EXTRACTED DATA:
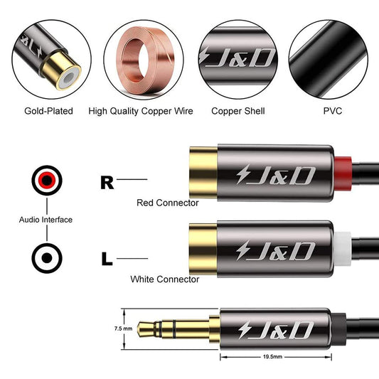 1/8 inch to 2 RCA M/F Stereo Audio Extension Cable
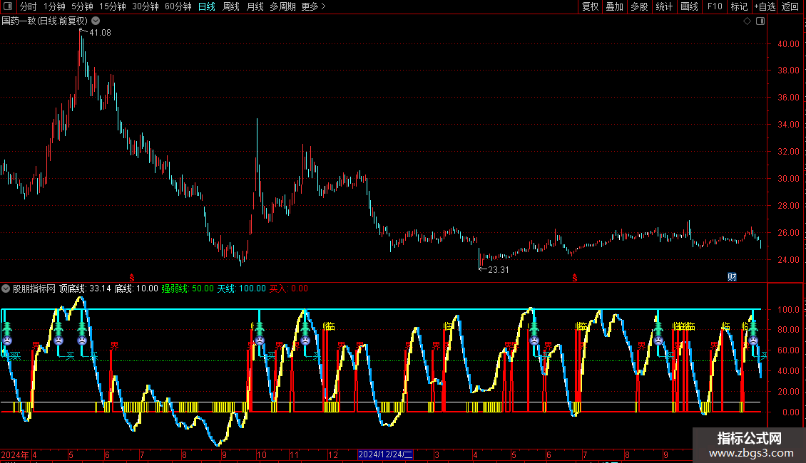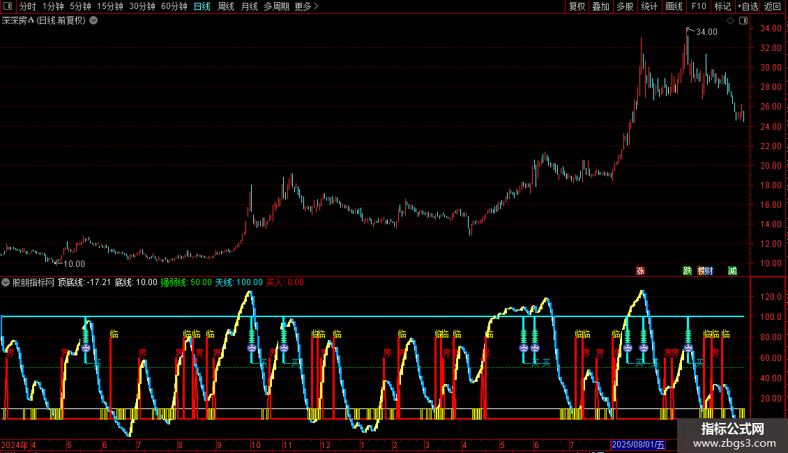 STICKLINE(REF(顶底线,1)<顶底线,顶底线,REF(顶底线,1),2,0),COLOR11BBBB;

...

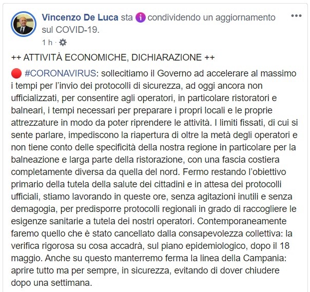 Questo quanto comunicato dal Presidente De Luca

...

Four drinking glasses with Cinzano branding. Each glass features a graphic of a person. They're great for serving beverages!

REQUIRED ACTION: The expected output is the lines above from the one containing "1/8 inch to" to the one containing "STICKLINE(REF(顶底线,1)", both ends included, reproduced exactly with every picture left out.

WRITTEN SOLUTION:
 1/8 inch to 2 RCA M/F Stereo Audio Extension Cable
 STICKLINE(REF(顶底线,1)<顶底线,顶底线,REF(顶底线,1),2,0),COLOR11BBBB;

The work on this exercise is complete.